Available data:
----

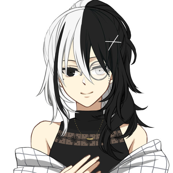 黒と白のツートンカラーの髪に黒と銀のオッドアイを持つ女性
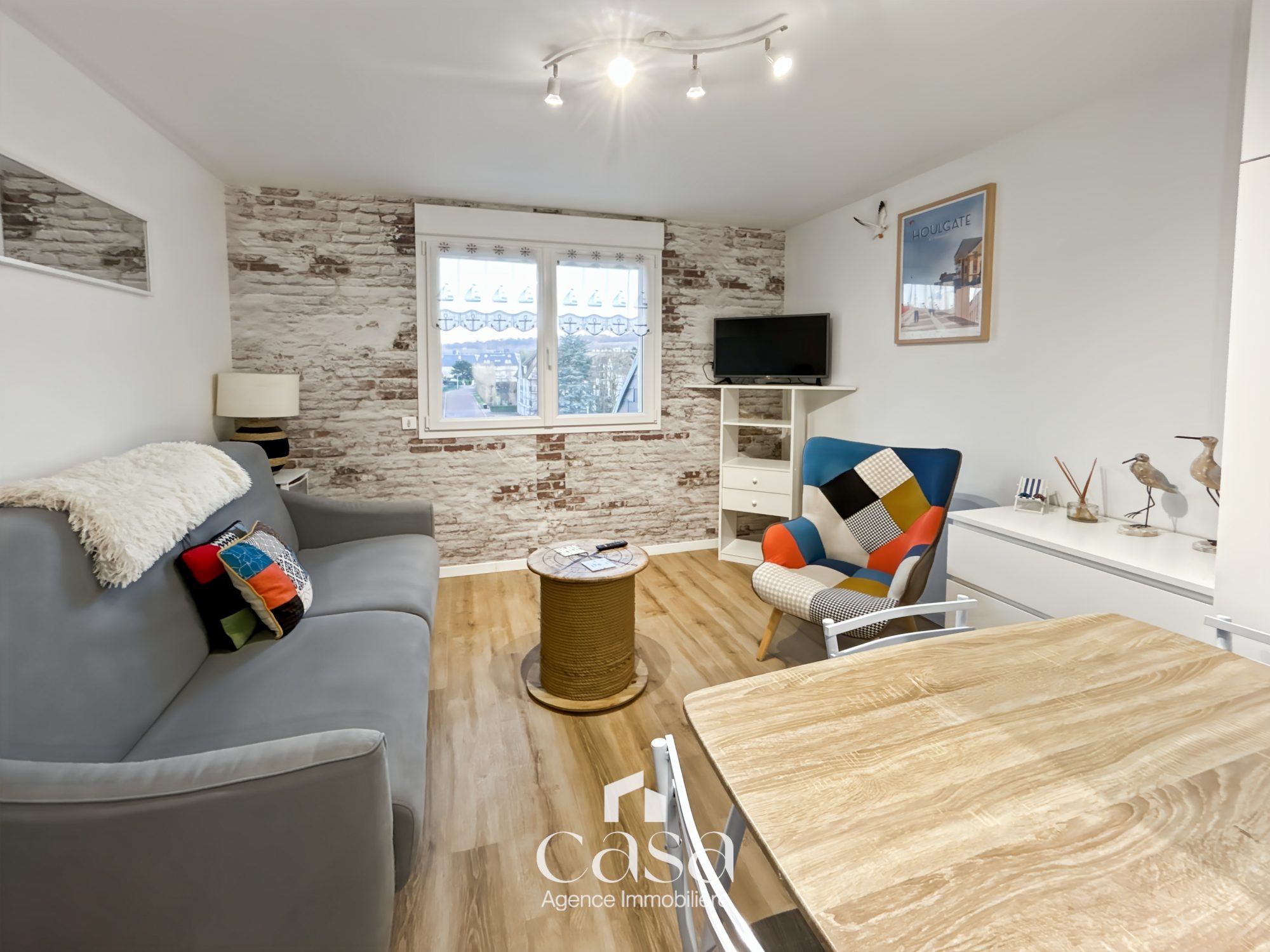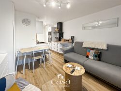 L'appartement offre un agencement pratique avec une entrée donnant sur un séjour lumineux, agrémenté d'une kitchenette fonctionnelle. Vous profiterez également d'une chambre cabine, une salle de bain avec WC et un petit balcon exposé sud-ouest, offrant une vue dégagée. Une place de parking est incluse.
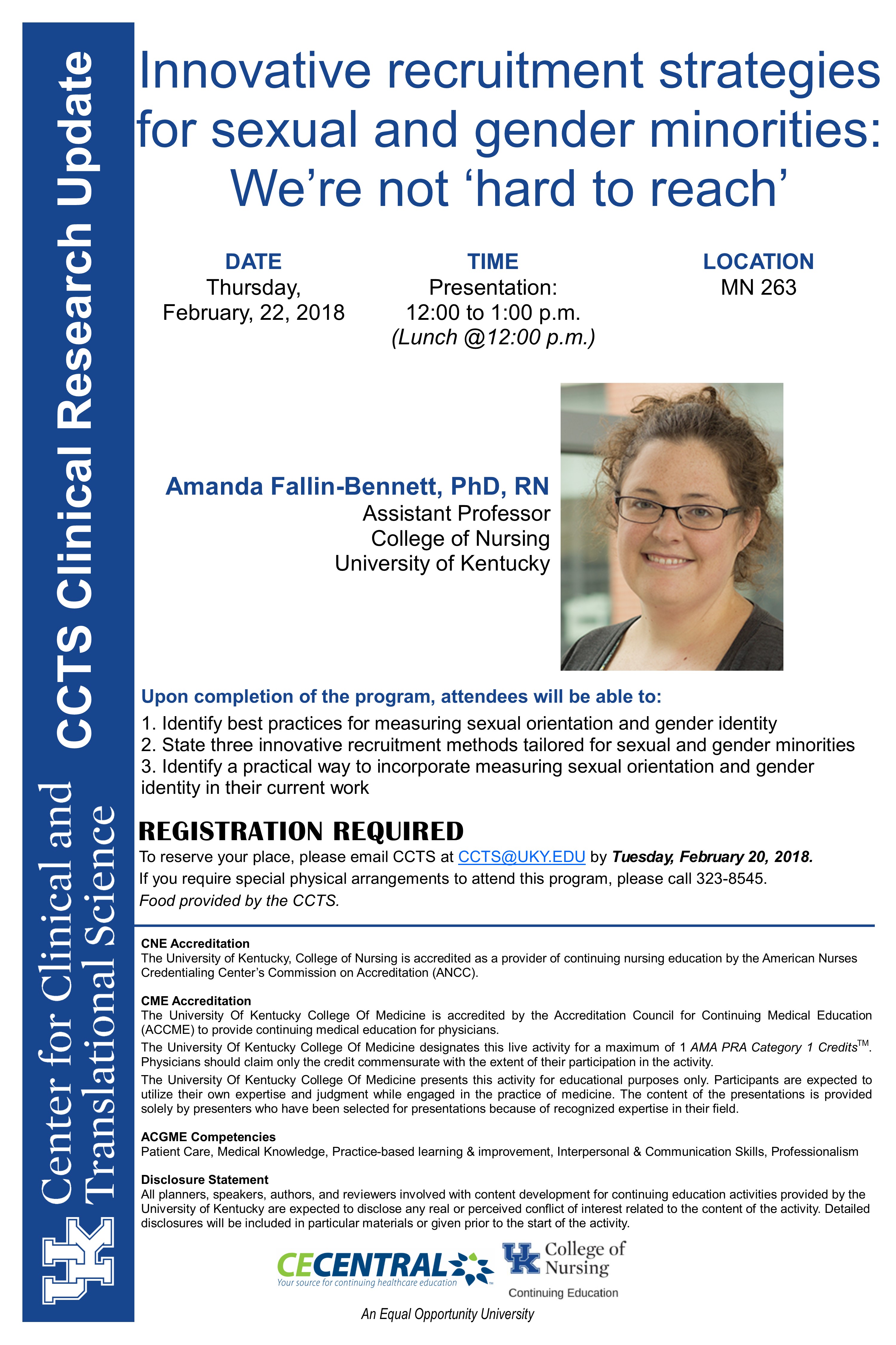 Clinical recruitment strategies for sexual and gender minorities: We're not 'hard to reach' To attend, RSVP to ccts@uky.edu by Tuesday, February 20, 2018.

----

Problem requirements: Retype the whole listing word for word. Skip the pictures.

Solution to this exercise:
 黒と白のツートンカラーの髪に黒と銀のオッドアイを持つ女性
 L'appartement offre un agencement pratique avec une entrée donnant sur un séjour lumineux, agrémenté d'une kitchenette fonctionnelle. Vous profiterez également d'une chambre cabine, une salle de bain avec WC et un petit balcon exposé sud-ouest, offrant une vue dégagée. Une place de parking est incluse.
 Clinical recruitment strategies for sexual and gender minorities: We're not 'hard to reach' To attend, RSVP to ccts@uky.edu by Tuesday, February 20, 2018.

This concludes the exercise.